Input data -
• • • •

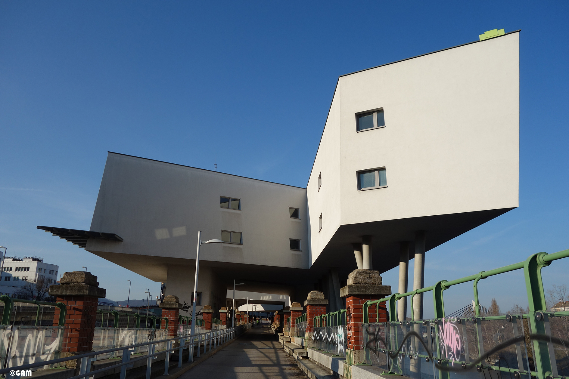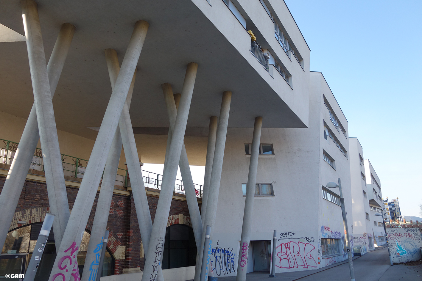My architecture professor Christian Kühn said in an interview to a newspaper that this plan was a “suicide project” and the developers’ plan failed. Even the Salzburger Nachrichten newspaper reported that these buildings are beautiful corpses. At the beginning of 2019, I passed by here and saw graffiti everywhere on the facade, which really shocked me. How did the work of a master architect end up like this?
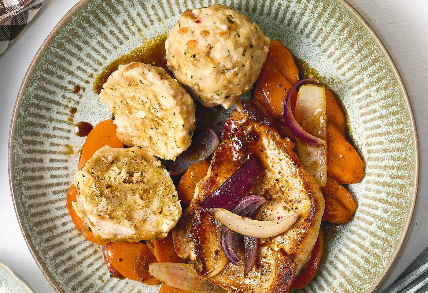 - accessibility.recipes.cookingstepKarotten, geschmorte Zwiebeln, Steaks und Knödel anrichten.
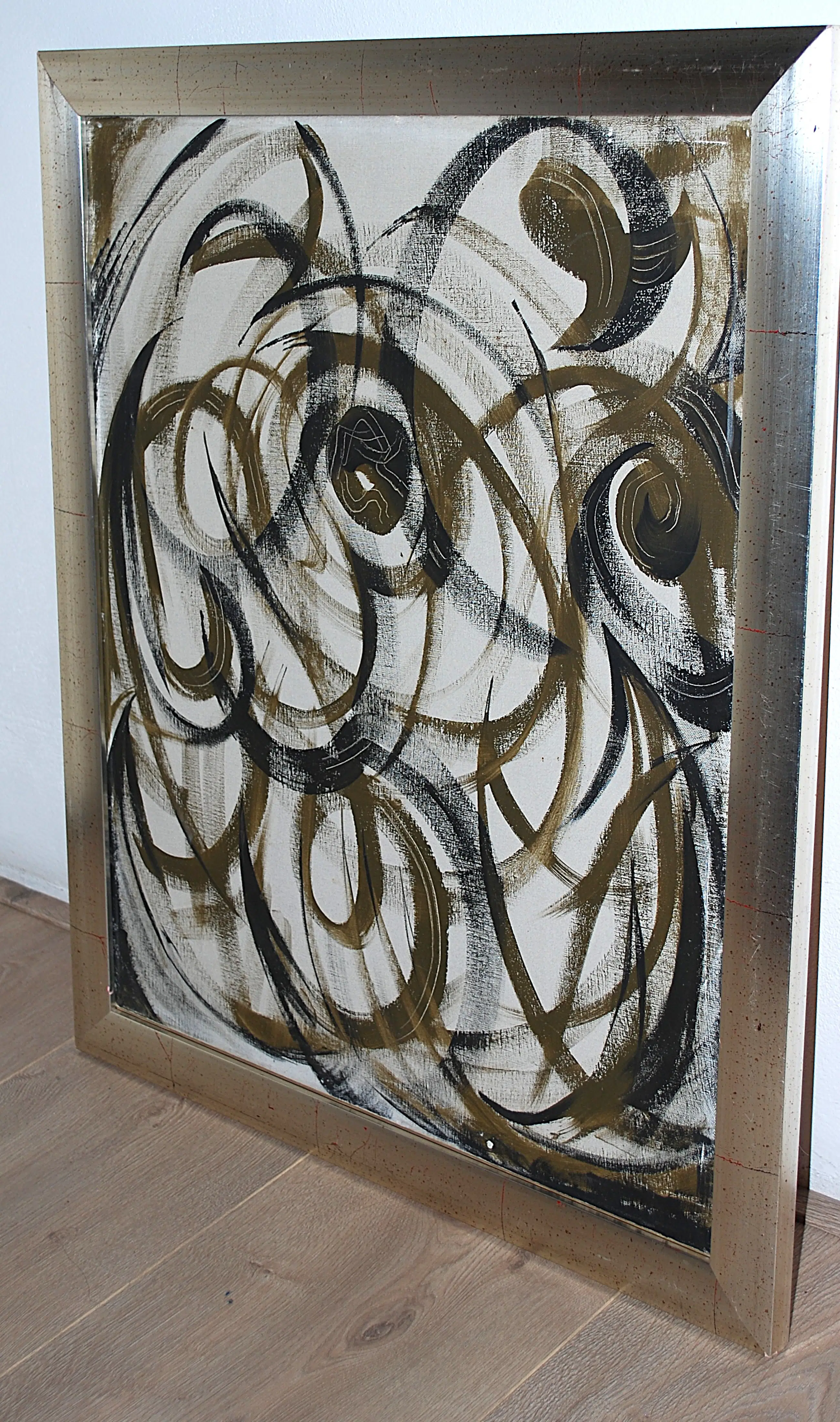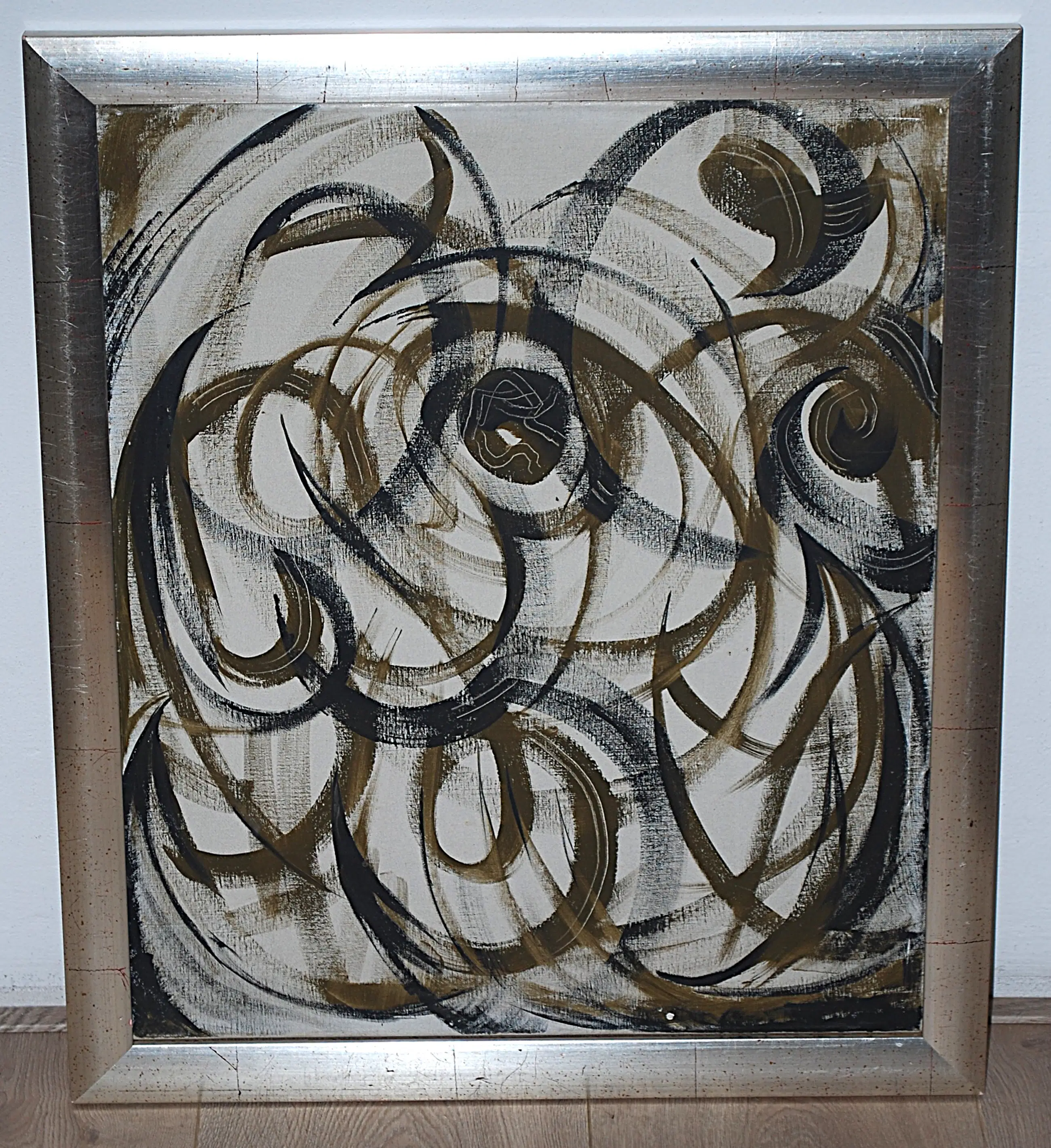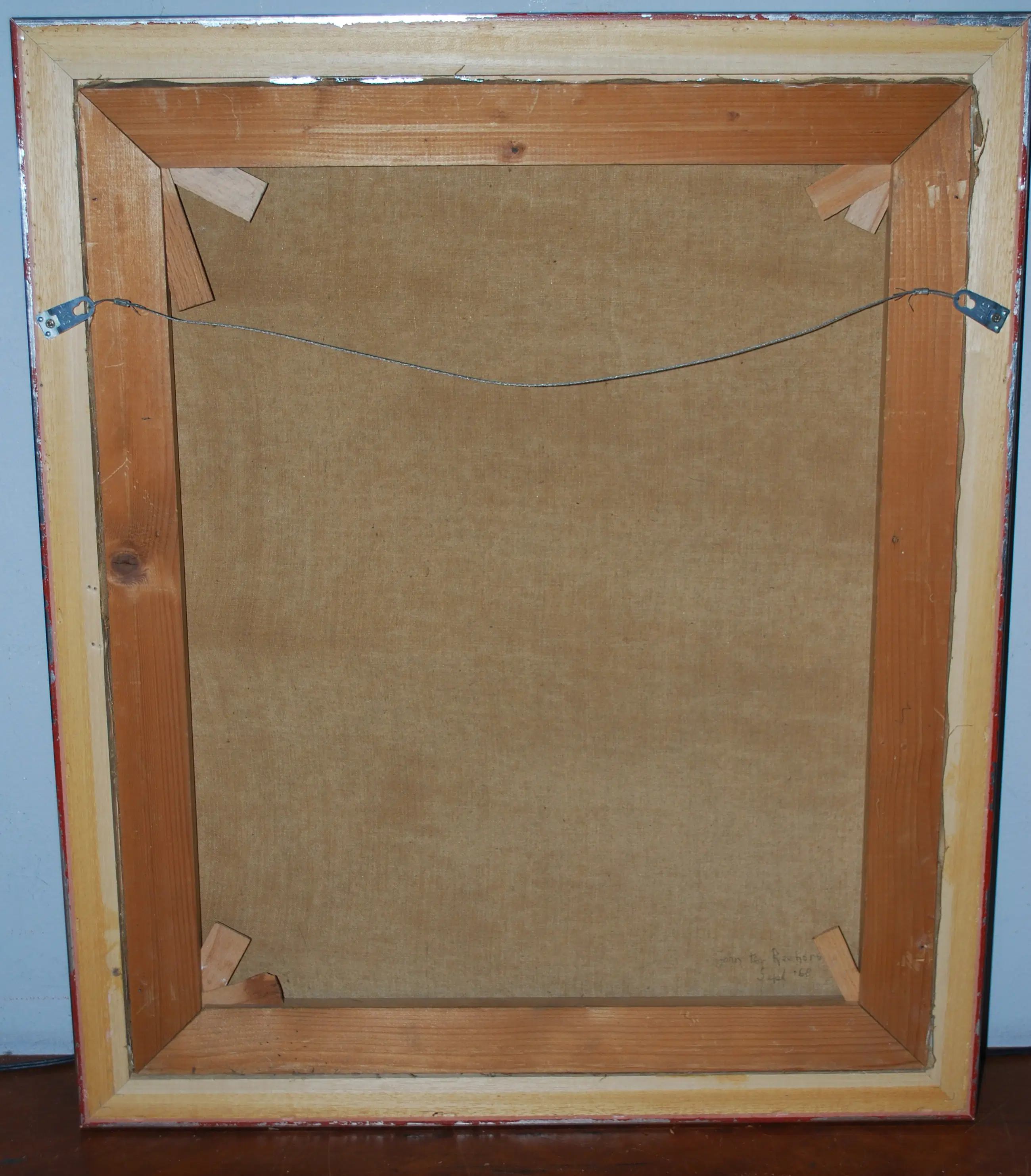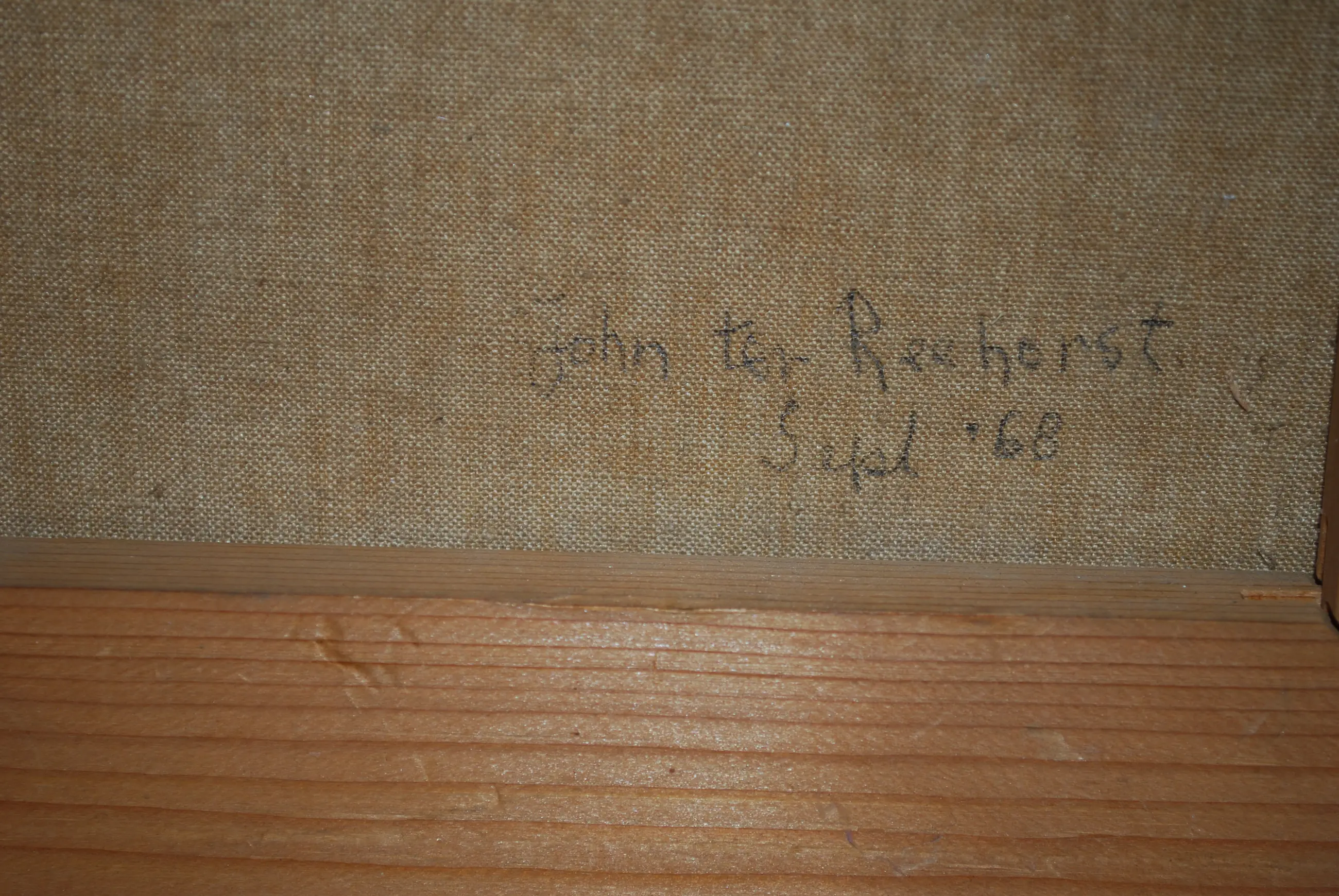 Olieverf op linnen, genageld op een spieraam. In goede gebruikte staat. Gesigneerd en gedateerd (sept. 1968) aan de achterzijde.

• • • •

Would you repeat the material exactly, keeping out any pictures?

My architecture professor Christian Kühn said in an interview to a newspaper that this plan was a “suicide project” and the developers’ plan failed. Even the Salzburger Nachrichten newspaper reported that these buildings are beautiful corpses. At the beginning of 2019, I passed by here and saw graffiti everywhere on the facade, which really shocked me. How did the work of a master architect end up like this?
 - accessibility.recipes.cookingstepKarotten, geschmorte Zwiebeln, Steaks und Knödel anrichten.
 Olieverf op linnen, genageld op een spieraam. In goede gebruikte staat. Gesigneerd en gedateerd (sept. 1968) aan de achterzijde.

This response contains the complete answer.